## Activity
Below is a listing. Write out exactly its lines between the one holding "Beim HCD fehlen" and the one holding "Hier ist ein", inclusive.

## Records for this exercise
· · · · ·
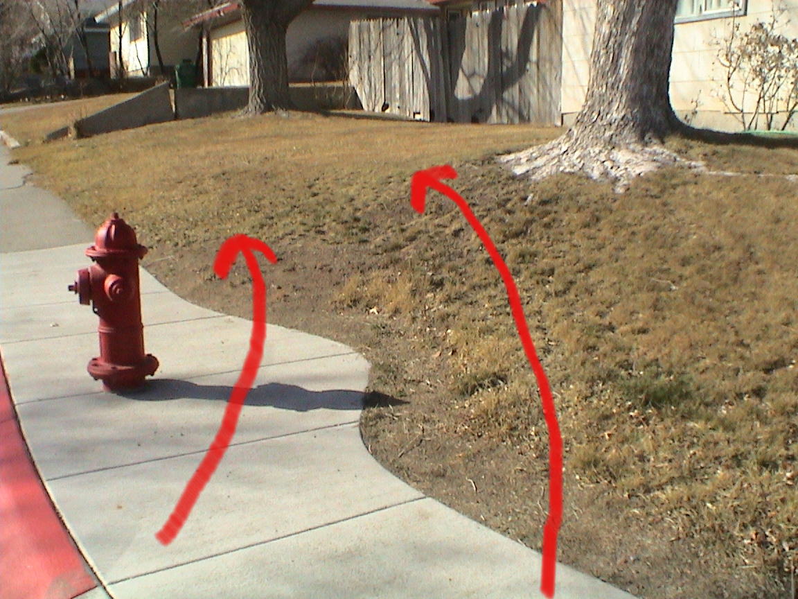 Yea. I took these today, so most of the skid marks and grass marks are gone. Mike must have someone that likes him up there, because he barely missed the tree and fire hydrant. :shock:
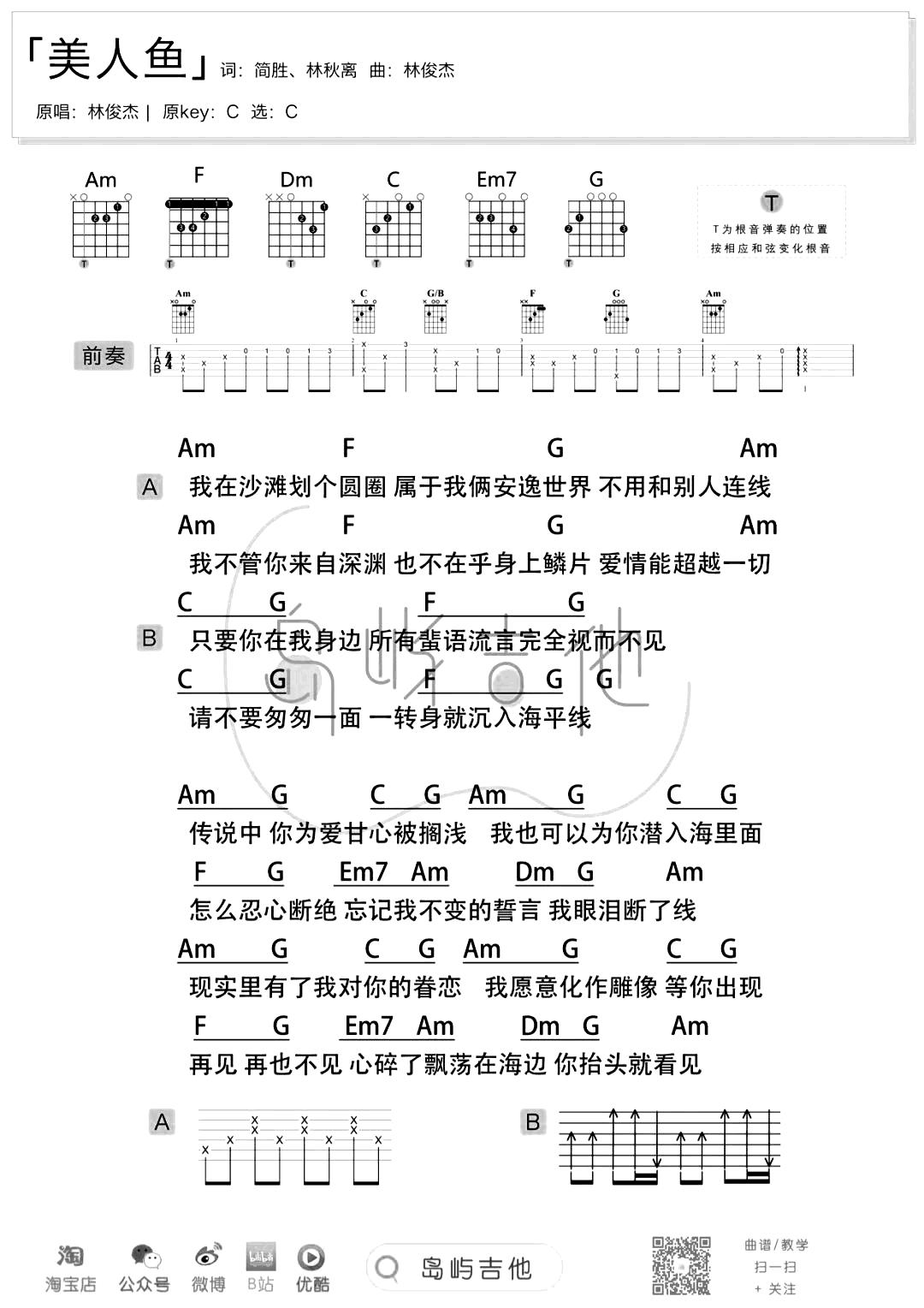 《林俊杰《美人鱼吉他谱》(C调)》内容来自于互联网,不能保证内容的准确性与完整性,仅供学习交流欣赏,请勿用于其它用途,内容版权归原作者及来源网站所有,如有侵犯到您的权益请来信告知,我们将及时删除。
· · · · ·
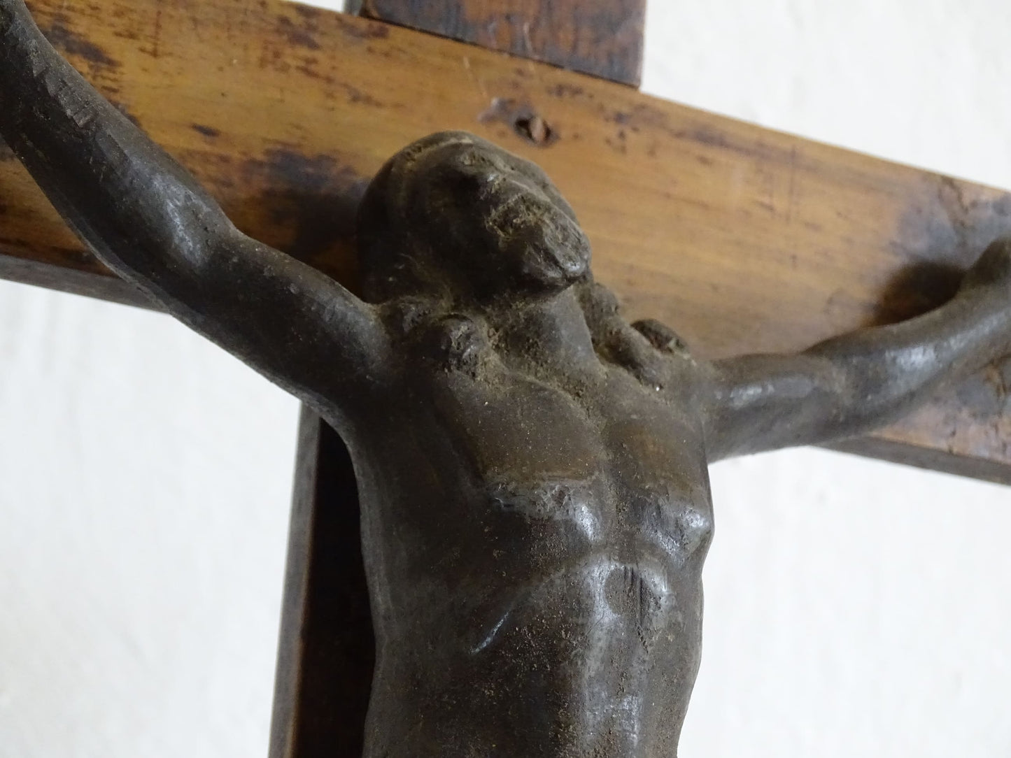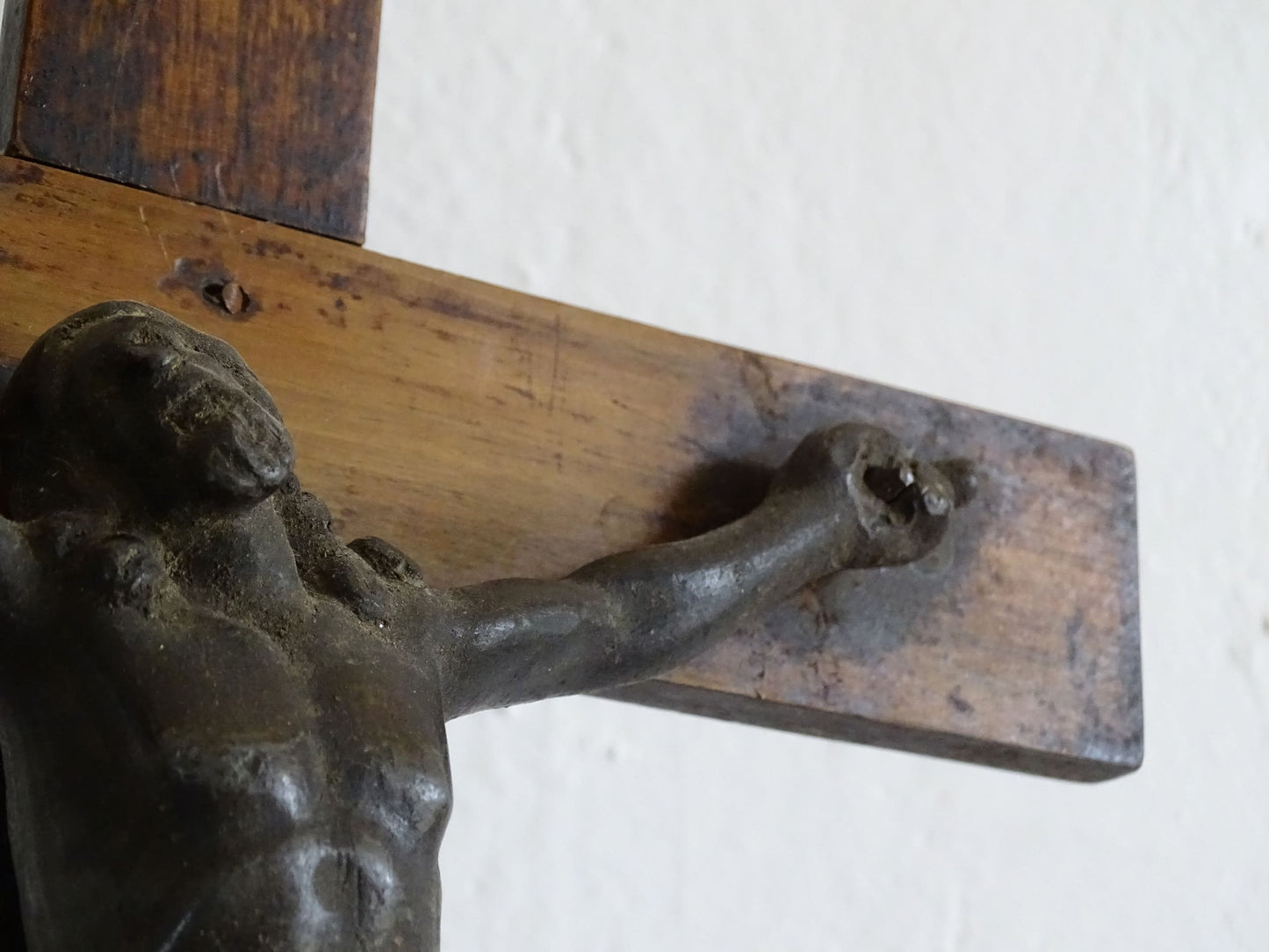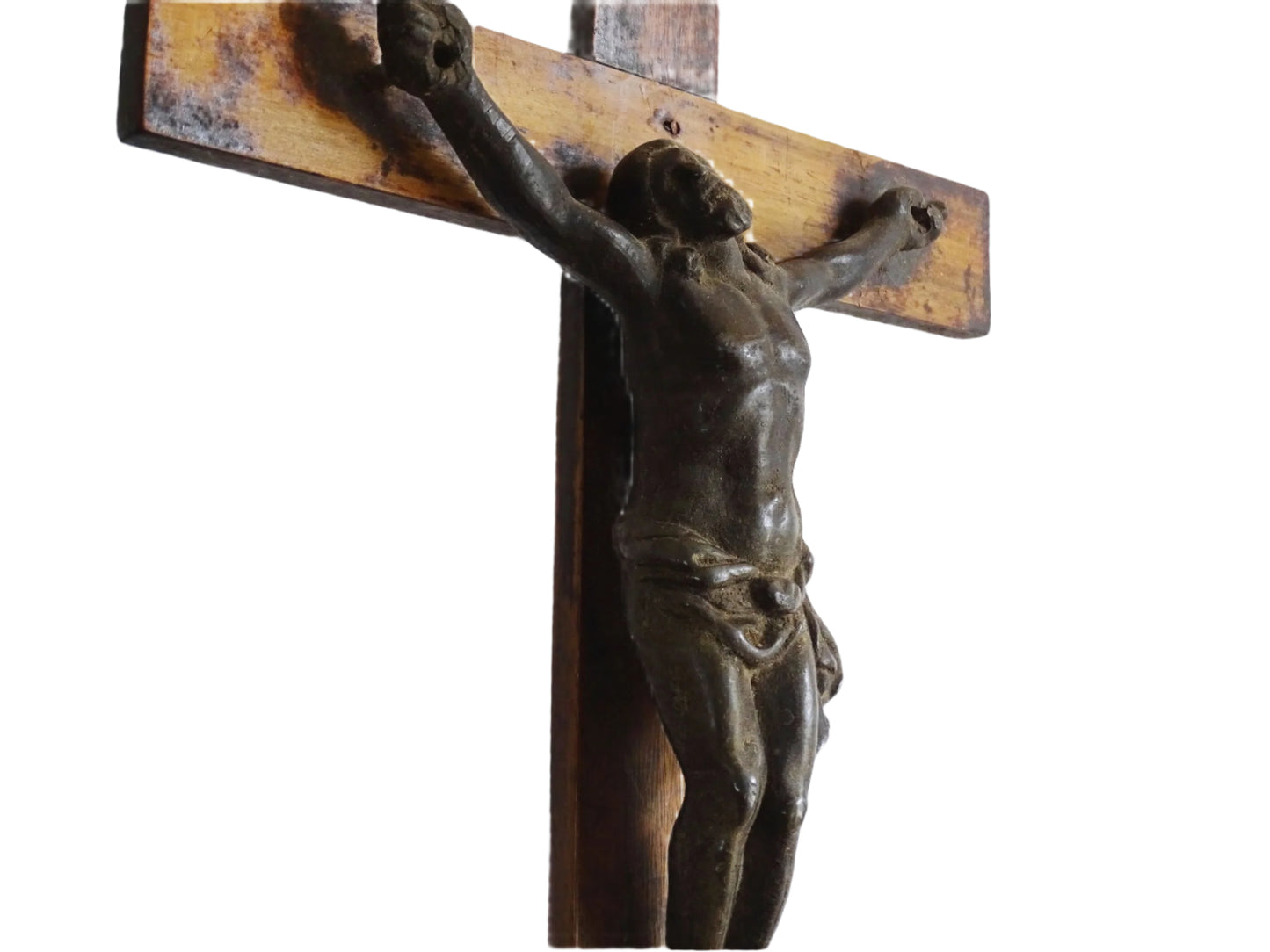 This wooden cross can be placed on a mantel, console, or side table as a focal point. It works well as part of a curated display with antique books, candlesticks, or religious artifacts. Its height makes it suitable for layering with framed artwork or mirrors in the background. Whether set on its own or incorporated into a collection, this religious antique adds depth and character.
· · · · ·
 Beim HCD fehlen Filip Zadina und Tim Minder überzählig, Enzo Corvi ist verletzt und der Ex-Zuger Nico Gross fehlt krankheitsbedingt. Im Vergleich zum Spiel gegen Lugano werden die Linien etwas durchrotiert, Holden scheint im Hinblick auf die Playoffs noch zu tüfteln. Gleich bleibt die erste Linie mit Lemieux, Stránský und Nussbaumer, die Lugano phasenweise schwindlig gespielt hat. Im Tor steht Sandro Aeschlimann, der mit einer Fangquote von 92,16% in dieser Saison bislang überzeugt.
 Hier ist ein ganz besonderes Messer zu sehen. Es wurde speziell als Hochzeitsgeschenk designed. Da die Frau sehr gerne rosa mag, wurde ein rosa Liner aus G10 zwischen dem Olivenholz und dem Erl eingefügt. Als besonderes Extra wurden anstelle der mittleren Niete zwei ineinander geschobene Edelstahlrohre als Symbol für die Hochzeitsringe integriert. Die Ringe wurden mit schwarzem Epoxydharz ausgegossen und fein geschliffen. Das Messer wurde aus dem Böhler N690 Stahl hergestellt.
· · · · ·
## Written response
 Beim HCD fehlen Filip Zadina und Tim Minder überzählig, Enzo Corvi ist verletzt und der Ex-Zuger Nico Gross fehlt krankheitsbedingt. Im Vergleich zum Spiel gegen Lugano werden die Linien etwas durchrotiert, Holden scheint im Hinblick auf die Playoffs noch zu tüfteln. Gleich bleibt die erste Linie mit Lemieux, Stránský und Nussbaumer, die Lugano phasenweise schwindlig gespielt hat. Im Tor steht Sandro Aeschlimann, der mit einer Fangquote von 92,16% in dieser Saison bislang überzeugt.
 Hier ist ein ganz besonderes Messer zu sehen. Es wurde speziell als Hochzeitsgeschenk designed. Da die Frau sehr gerne rosa mag, wurde ein rosa Liner aus G10 zwischen dem Olivenholz und dem Erl eingefügt. Als besonderes Extra wurden anstelle der mittleren Niete zwei ineinander geschobene Edelstahlrohre als Symbol für die Hochzeitsringe integriert. Die Ringe wurden mit schwarzem Epoxydharz ausgegossen und fein geschliffen. Das Messer wurde aus dem Böhler N690 Stahl hergestellt.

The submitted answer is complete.